Preferably the vehicle incorporates at least one first support node at which a part of the vehicle is supported relative to the roll plane when the vehicle is in use, the at least one first support node being distal to the first and second wheel assemblies.

Conveniently a point at or near the centre of each of the wheel assemblies defines a respective second support node, an imaginary topple axis being defined between the at least one first support node and the or each respective second support node, the angle of the orientation axis of each of the wheel assemblies being selected to be different from the angle of the topple axis of the corresponding wheel assembly. Advantageously the orientation axis is not parallel to the roll plane, when the vehicle is in use.

Preferably the orientation axis is not perpendicular to the roll plane, when the vehicle is in use.

Advantageously one end of a link member is attached to the mounting device of the first wheel assembly and the other end of the link member is attached to the mounting device of the second wheel assembly such that rotation of one wheel assembly about its orientation axis moves the link member to drive the mounting device of the other wheel assembly to rotate about its respective orientation axis.

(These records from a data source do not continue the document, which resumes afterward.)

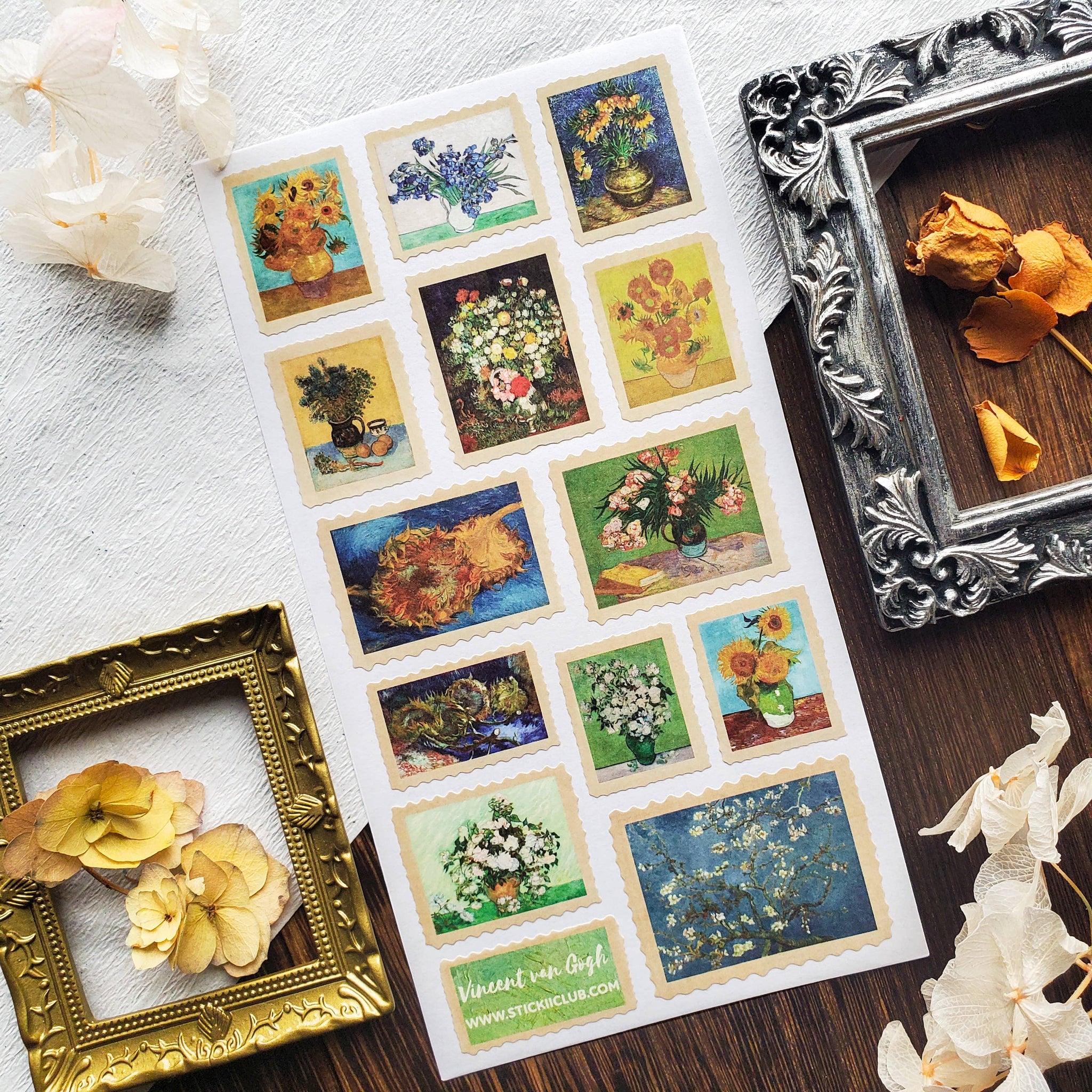 🎨 Just like the breathtaking flowers, Van Gogh’s art is truly something to be admired and this elegant sheet features some of his masterpieces. From his famous Sunflowers to Irises, these artistic sticker stamps will make you feel like you’re at a mini museum!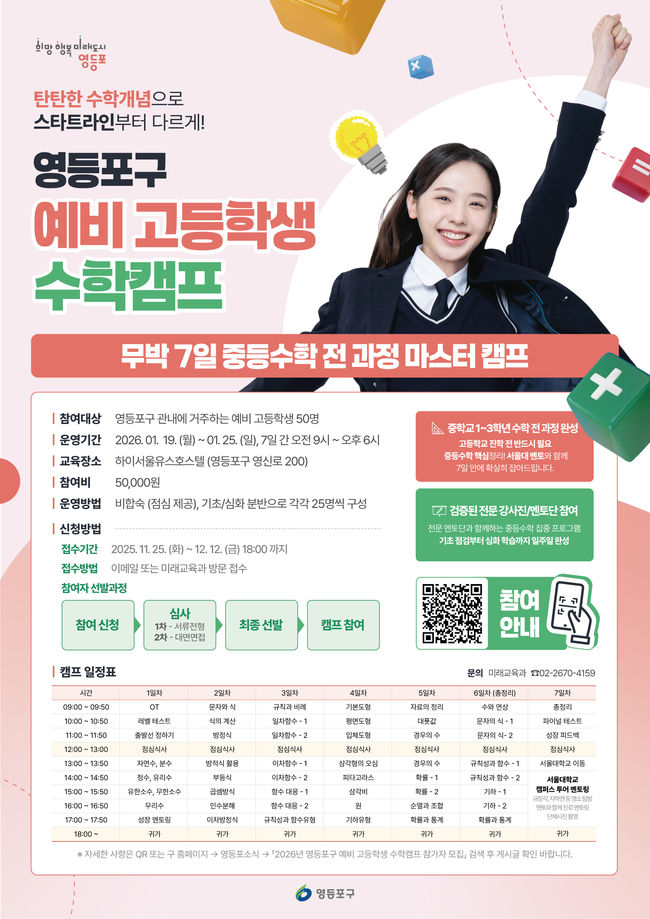 영등포구 '예비 고등학생 수학캠프' 홍보 포스터.서울 영등포구(구청장 최호권)는 고등학교 진학을 앞둔 관내 중학생을 대상으로 ‘예비 고등학생 수학캠프’를 운영하며 12월 12일까지 참가자 50명을 모집한다고 밝혔다.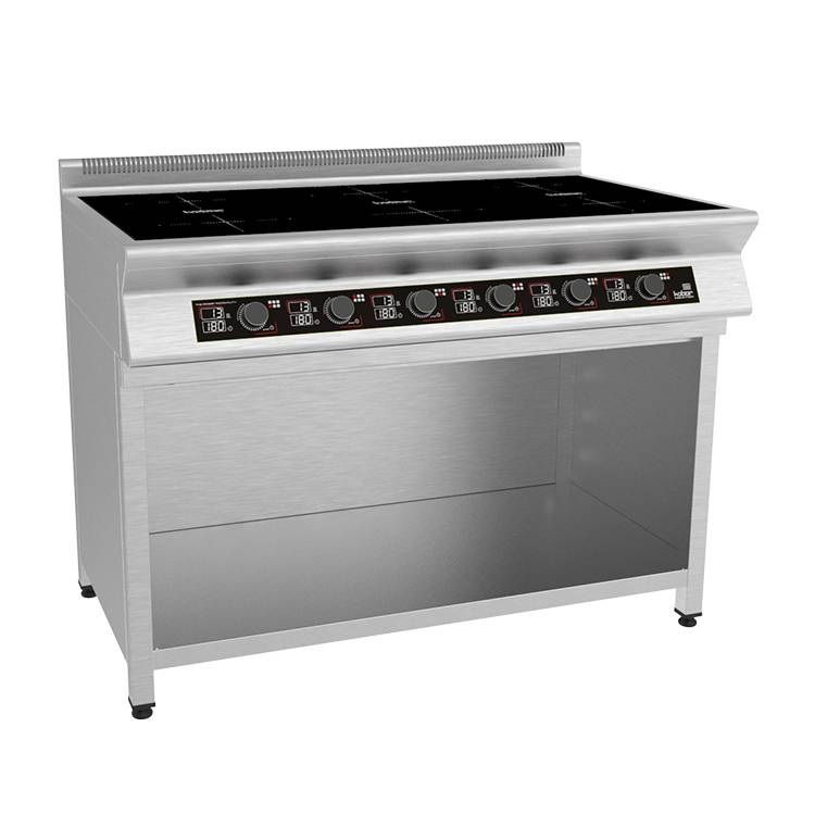 Плита индукционная КОБОР I7-6S1представляет собой индукционную плиту профессионального класса. Модель рассчитана на использование в составе 700-й линии. Оборудование подходит для оснащения пунктов общественного питания, торговых точек. На рабочей панели установлено две индукционные конфорки. Нагрев осуществляется мгновенно, при этом нагревается поверхность посуды, рабочая поверхность разогревается незначительно, что делает использование оборудования безопаснее. Корпус произведен из нержавеющей стали марки AISI304, варочная панель произведена из монолитной прочной стеклокерамики.

In one embodiment the arrangement further comprises a biasing member which biases at least one of the wheel assemblies towards the normal orientation. Conveniently the or each mounting device is an elongate shaft which incorporates a first part and a second part which are rotatably mounted to one another at a first rotation point for rotation relative to one another about a first axis which is substantially parallel with the longitudinal axis of the shaft.

In one embodiment the or each mounting device incorporates a third part which is positioned between the first and second parts, one end of the third part being connected to the first part at the first rotation point and the other end of the third part being connected to the second part at a second rotation point, the second rotation point mounting the second and third parts for rotation relative to one another about a second axis which is not substantially parallel to the longitudinal axis of the shaft.

Preferably the or each mounting device incorporates a locking arrangement which is configured to prevent the first part and the third part from rotating relative to one another.

In a further embodiment the vehicle is provided with a mechanism to change the angle of the shaft of the or each mounting device relative to the vehicle when the vehicle is canted relative to the roll plane.

Preferably the or each wheel assembly is provided with a blocking arrangement to block rotation of the wheel assembly about the orientation axis to prevent the wheel assembly from rotating further than a predetermined angle.

In one embodiment the vehicle is a case.

Preferably the case incorporates a handle to be held by a user to allow the user to pull the case along a roll plane, the at least one first support node being positioned on the handle.

Conveniently the handle is mounted to at least one moveable extension element.

Advantageously the wheeled vehicle is a vehicle which is configured to be pushed when in use.

In another embodiment the vehicle is a trailer.

In a further embodiment the trailer is the trailer of a heavy goods vehicle. In a yet further embodiment the vehicle is a three wheeled vehicle. In a still further embodiment the three wheeled vehicle is a sand yacht.

In another embodiment the vehicle is configured as a four wheeled vehicle. In a further embodiment the vehicle is a multi-wheeled vehicle.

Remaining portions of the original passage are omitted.